= Norton Allen =

American artist

Norton Allen (1909–1997) was an American artist and avocational archaeologist who worked in the American Southwest, primarily in California and Arizona.

For almost half a century before his death, Allen was the anonymous but widely revered draftsman for the outstanding maps that appeared in nearly every issue of Desert Magazine. As an archaeologist, he was an expert on Hohokam culture and the archaeology of the Gila Bend area in Arizona.

For more than 40 winter seasons, Norton Allen, along with his wife Ethel and his father Ernest, salvaged archaeological materials that were in danger of being destroyed by expanding agricultural projects fed by water from the Gila River. He also conducted small excavations in the San Pedro Valley, southern Utah, and southwestern Colorado.
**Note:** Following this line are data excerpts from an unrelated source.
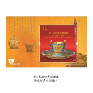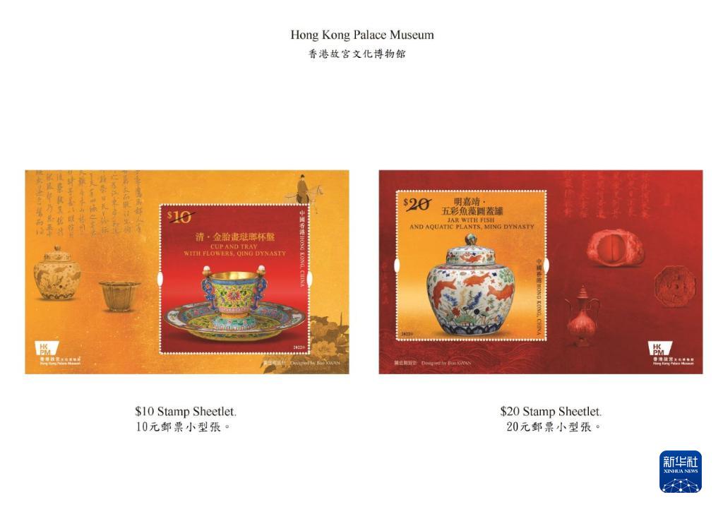 郵票小型張則分別展示清代《金胎畫(huà)琺瑯杯盤(pán)》和明嘉靖《五彩魚(yú)藻紋蓋罐》,并以金黃色及朱紅色互相襯托。
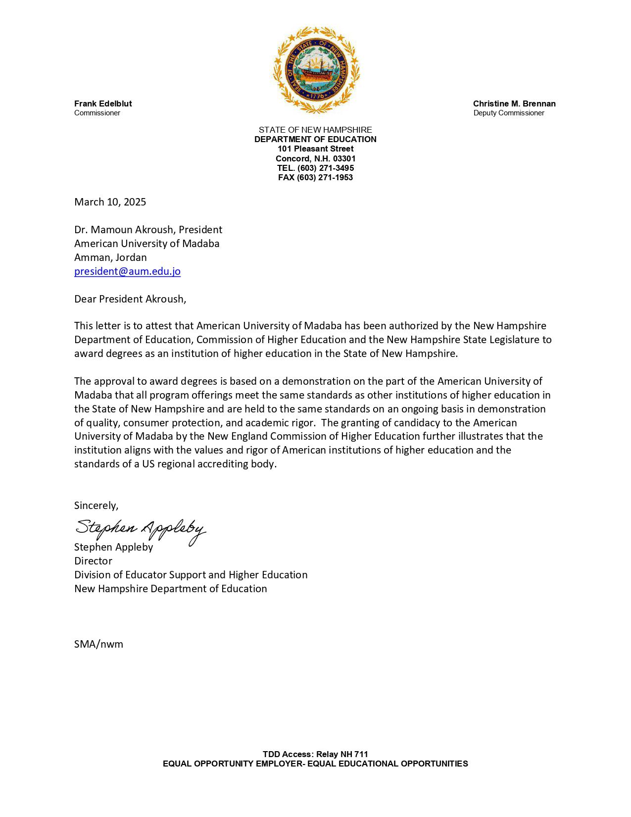 الجامعة الأميركية في مادبا تتلقى تأكيدًا رسميًا على ترخيصها الأكاديمي في نيو هامشير
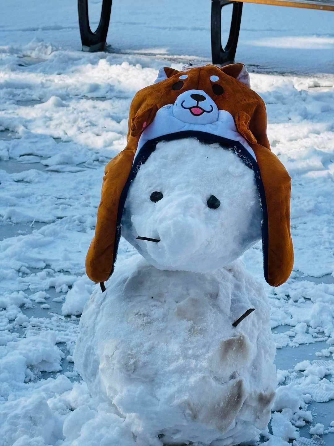 狛犬さんの鼻と頭に雪♡
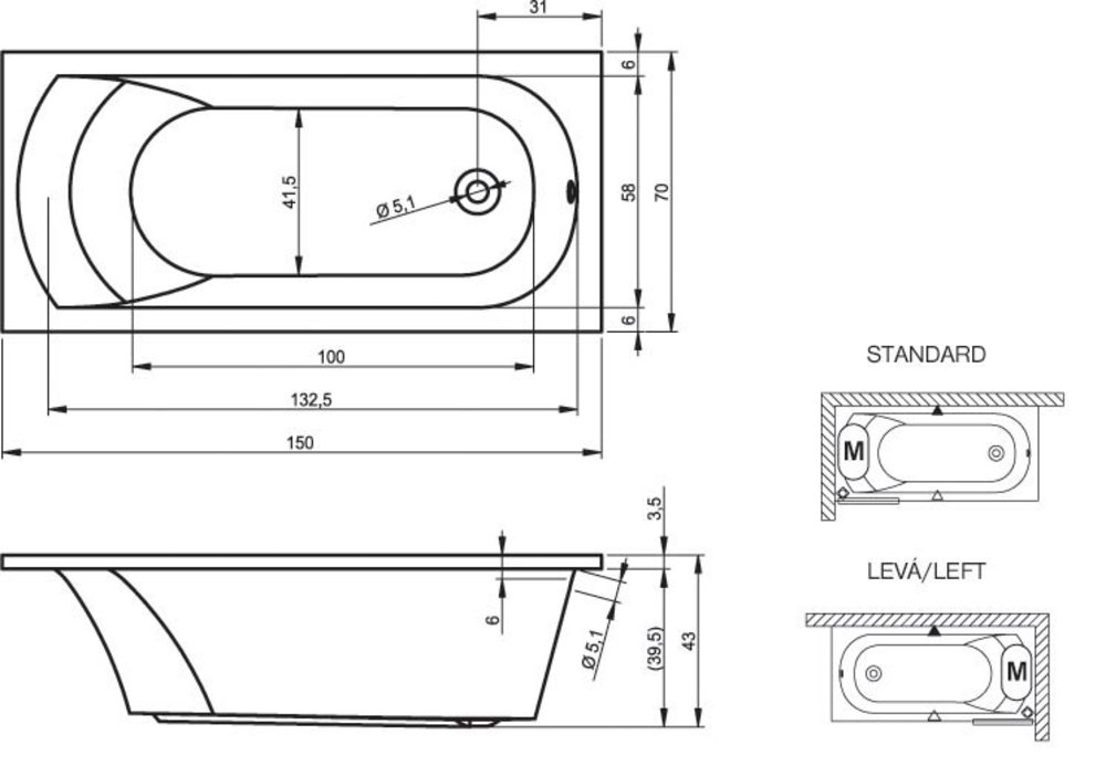 Ванна гидромассажная Riho Miami 150 x 70 см, AIR

It was Allen's work and discoveries, particularly at the Gatlin Site, one of the few documented Hohokam platform mounds, that was the motivating force behind the excavations in the Painted Rocks Reservoir conducted by Arizona State Museum archaeologists William Wasley and Alfred Johnson from 1959 to 1964.

In 1996 the Arizona Archaeological and Historical Society awarded the Victor R. Stoner Award to Norton and Ethel in recognition of their lifelong contributions to archaeological preservation and helping bring knowledge of the Hohokam in the Gila Bend area to the public's attention.